The SIRG recently discussed the Financial Conduct Authority's (FCA's) announcement that the rules emanating from EU remain in place, and that firms need to continue with implementation plans for these. Firms are generally just carrying on getting ready for the Market Abuse Regime (MAR) next week. There is a question as to how authoritative this is since the FCA cannot guess what will happen in the future either.
The key question is future access of UK firms to EU counterparties and clients. Currently this depends upon the equivalence and reciprocity provisions in EU directives – which vary a lot (think derivatives clearing under the European Market Infrastructure Regulation (EMIR), prudential capital under the Capital Requirements Directive IV (CRD IV), access to exchanges and multilateral trading facilities and over-the-counter trading under the Markets in Financial Instruments Directive (MiFID), benchmark administration under benchmark regulation and rating agencies under CRA Regulation). There was concern that these may be politically linked to any UK restrictions on freedom of movement of EU nationals; a suggestion that there might be some form of grandfathering for firms currently registered/passporting – but this totally depends on politicians. There could also be a form of restricted passport for UK firms (eg, to do business with banks and professionals only, or only under some directives or on an EU country by country basis). The worst case is prohibition on UK firms to do business directly with EU banks and corporates. The UK will need to keep up to date with further EU changes to these rules (eg, MiFID III, to maintain passport).
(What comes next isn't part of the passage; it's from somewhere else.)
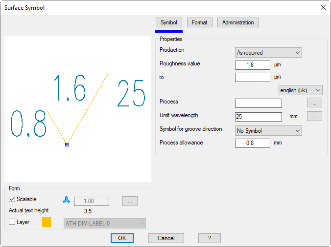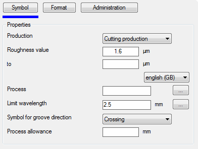 With this command you generate a symbol for stating the condition of surfaces. The standard DIN ISO 1302 is the basis for the symbols.

There is a serious question about access of UK firms to euro payments and settlements systems such as TARGET2 – the European Central Bank is likely to require this to be only within the EU. This means UK firms only having access through onshore EU firms (which is real activities not paper ones) – placing them and London at a cost disadvantage. Hence commercial, retail and investment banks, commodities firms and asset managers considering setting up operations within EU and either transferring activities from London, or entirely replacing them. Favoured locations depend upon the type of business – Frankfurt for banks, Dublin (the Central Bank of Ireland has put out a paper on the treatment of funds in the light of Brexit) or Amsterdam for asset managers.
There was concern that the UK voice will be non-existent on draft EU financial services legislation – and what the areas are that are up in the air now that the UK won’t push but which may well nonetheless apply to the UK as the price of the passport. However, these are the very areas where, based on past negotiations, the UK may try to exercise ‘proportionality’:
- financial transaction tax (though this may never happen for other reasons)
- EUR settlement within eurozone
- Remuneration Code including bonus cap
- bond market liquidity/transparency
- transaction reporting fields under EMIR and MiFID II.
We could see a two tier approach to regulations – with one set of rules for firms doing business with EU clients, and another for firms just dealing with UK clients (a bit like the current MiFID and non-MiFID business rules?).
There is the important question as to how existing and future EU rules will be changed by the UK; with a possibility of three time buckets – in force now or about to be so – such as MAR (little change likely), coming into force in the next two years; such as MiFID II (more exercise of FCA bespoke rules/implementation) and beyond a two year notice period; such as benchmark regulation (more change likely). One example is the 4th Anti-Money Laundering Directive (MLD4). Would new money laundering rules be affected? Both EU and UK rules derived from the Financial Action Task Force (FATF); however the UK FCA may have a slightly different agenda to the EU (eg, drive to cut red tape; therefore some differences possible, even likely).
There is also an interesting question as to whether breaches of rules or law now (or during the notice period) will be enforced or prosecuted. The answer is that the regulator or court will look at the rules or law at the time of the alleged breach or offence. However, if the rule or law has changed meanwhile, an enforcement action or prosecution is less likely in practice.
Other wonders
- Will there be any effect on taxation and double taxation agreements (maybe unlikely)?
- What will be the effect on data protection legislation, EU General Data Protection Regulation and equivalence?
SIRG Group of Compliance Officers
28 June 2016
Opinions expressed in this article are personal to the writer so should not be interpreted as being those of the CISI or anyone else.